這可不是晏時錦在下逐客令,而是這位的時間太寶貴。
作為NO.1。
夜昇平的光陰每天幾乎是用秒來分配的。
而這已是短短幾天內,他第二次來了。
“嗬嗬,正好今天有點兒空,就跟這小子一起來了。”
他指了指門外的人。
夜梟昨晚半夜才從部隊回來。
晏時錦點點頭。
“多謝!”
“不客氣。”
夜梟同樣微點一下頭。
並無過多寒暄。
然後示意夜昇平上車。
“慢走!”
晏時錦對跟在兩人後麵的男人輕語。
男人一身淺棕色早秋最新款長風衣,雍容而精緻。
尤其那張白皙精湛到毫無瑕疵的臉龐,看不出年紀,比起讓人一眼驚心的上官雲非,他纔是真正的一眼,便令人驚艷!
“留步!”
上官雲非的小叔叔,上官衍,平聲道。
隨後,一行車輛各自緩緩離去。
***
“少爺,老爺子讓你今天抽空回去一趟。”
“知道了。”
黑色貼膜轎車內,上官衍覷著車窗外的怡然景色,一手輕輕拍打著膝蓋,另一隻手一抬,一杯剛剛醒好的紅酒便送到了手中。
拍膝蓋的手一伸,輕巧摟上了身旁一個絕色美女的腰肢。
美女立即如蛇一般,繚繚繞繞纏到他身上......
看得出少爺心情不錯,助理扭回頭,順帶拉下前後隔斷。
什麼話該說,什麼事該做,是作為一個貼身助理最基本的修養。
目送車隊離開,黑色大門再次無聲闔上。
“錦爺,那位怎麼會來?”
應小龍雖然是後來纔跟在晏時錦身邊的,但多少也瞭解,上官家和晏家,據說自從上官大小姐和自家爺分手後,兩家幾乎是斷絕了日常往來。
公共場合遇上,都不怎麼打招呼。
私交這幾年更是沒有任何走動。
上官衍,上官老爺子最寵愛的小兒子,上官明珠和上官雲非的小叔叔。
今天突然出現在這裏,不得不引起他的警惕。
晏時錦一邊往回走,正要開口,手機資訊提示音突然響起。拿出來,看一眼,腳下、頓住!
微僵的身子,就那麼定在那裏……
江城陰雨霾霾,帝京卻是日光晴好。
男人挺拔的身軀浴在秋陽裡。
江、千、尋!
他收到的,正是江千尋發給他的資訊!
應小龍本隻落後半步,此時差點兒撞到他肩上。
本能地,想要去瞄一眼手機。
但光線反射,什麼都沒看到。
與此同時,條件反射般地。
他不聲不響,悄然後退了一步。
冷!
一股幽冷蕭簌的氣息,逐漸從錦爺身上彌散開來......
暖陽正熾、烈暖焙烘,卻完全無法照耀和驅散他周身冷不丁驟漫浸出的幽寒。
應小龍甚至驚異地看到,爺握著手機的手,在——
輕輕顫抖……
怎、麼了?
發生什麼事?
讓他這麼生氣?
不,也不完全是生氣。
像是,受了什麼刺激,無法接受……
應小龍想像不出,這世上還能有什麼事,能令自家老大做出這樣一副他從來沒有見過的表情。
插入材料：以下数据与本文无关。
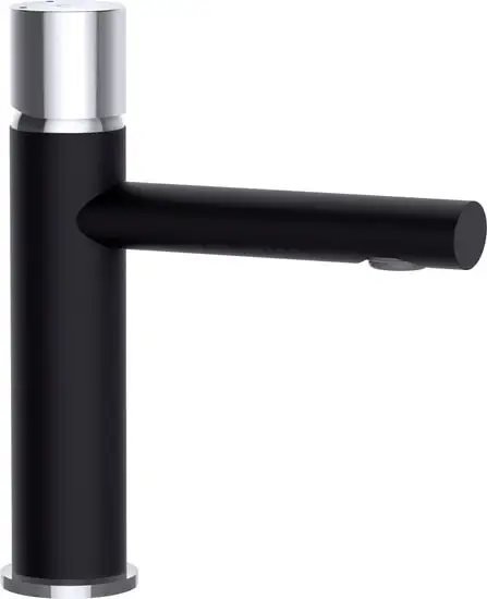 Смеситель Rubineta Etna-18 в черном цвете предназначен для установки умывальника. Он изготовлен из металла — латуни, что делает его прочным и долговечным. Смеситель имеет одноручковый механизм, которым легко регулировать воду. Высота изделия составляет 172 мм, а длина излива — 110 мм, что удобно для использования. В нем есть керамический картридж диаметром 25 мм, он обеспечивает плавное и надежное управление водой. Он не имеет ограничения расхода воды и поворотного излива.

就算在江城收到晏老爺子中毒的訊息,他雖然也是一身寒意陡然迸發,卻依舊有條不紊地安排好了所有事,然後在最短時間內趕回帝京。
而此時——
晏時錦其實早就預料到江昇的真實想法。
甚至輕塵先生的傾向,他也不是不能理解。
畢竟,這件事表麵看,指向的是江千尋和江家,為此甚至覆滅了一個張家,連帶江城各大世家和新興勢力悉數動蕩。
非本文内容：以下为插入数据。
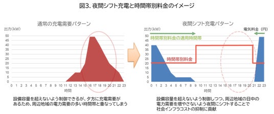 また、充電時間を夜間へシフトすることで電気料金がお得になる時間帯別電気料金を提供することで、EV導入に伴うお客さまの充電コスト抑制(図3)にも貢献いたします。
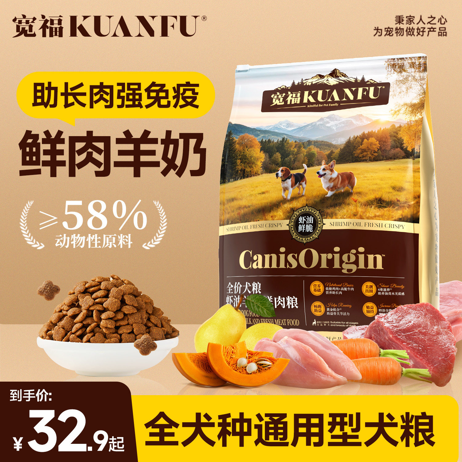 📚 宽福狗粮鲜肉犬粮泰迪比熊柯基博美成犬幼犬粮大中小型犬通用狗粮
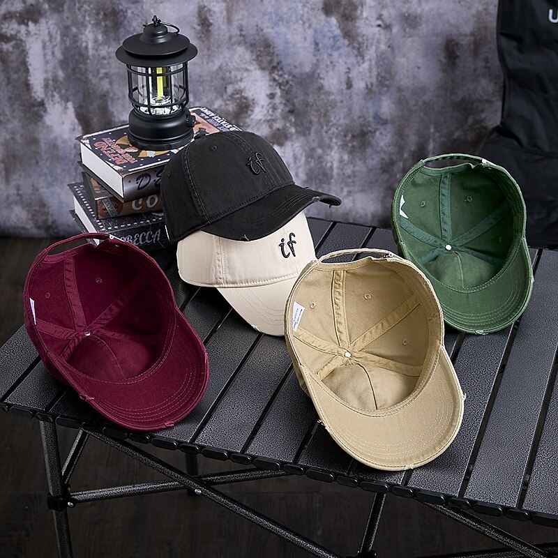 Highlights [Fabric] Crafted from high-quality polyester, this men's baseball cap ensures breathability and comfort, making it perfect for all seasons. The durable material provides a lightweight feel that is ideal for outdoor activities. [Fit] Designed with a classic six-panel construction, the cap includes embroidered eyelets for superior ventilation. The curved brim offers an adjustable fit, allowing you to customize the sizing for a secure and comfortable feel. [Design Highlights] Featuring a minimalist embroidered letter design on the front, this cap combines casual streetwear style with a modern touch. The adjustable strap at the back ensures a customized fit, while the variety of available colors makes it a versatile accessory that complements numerous outfits. [Occasions] Perfect for daily wear, street outings, and casual gatherings. Whether you're heading out for a day in the sun or simply looking to add a stylish element to your everyday attire, this cap serves as both a functional and fashionable choice. [Sizing] Available in Size M, this adjustable cap is designed to suit a range of head sizes, providing a comfortable and customized fit for most men.

但結合自家老爺子的突髮狀況,就不得不懷疑,背後的人在下多大的一盤棋?
儘管他已有所猜測,卻也未能完全勘破全域性。
而對方真正的意圖,甚至不僅是他晏家!
或者,還有其他!
以江昇的敏銳,雖然他並沒有告知帝京究竟發生何事,他必須在那個時候離開,這也令當時的江昇對他頗有些不滿,但老爺子的訊息是需要特級保密的。
而且,江昇回過神來總能分析出,一係列事件背後,矛頭針對的不僅是小丫頭和江家,而是他晏家,並不難。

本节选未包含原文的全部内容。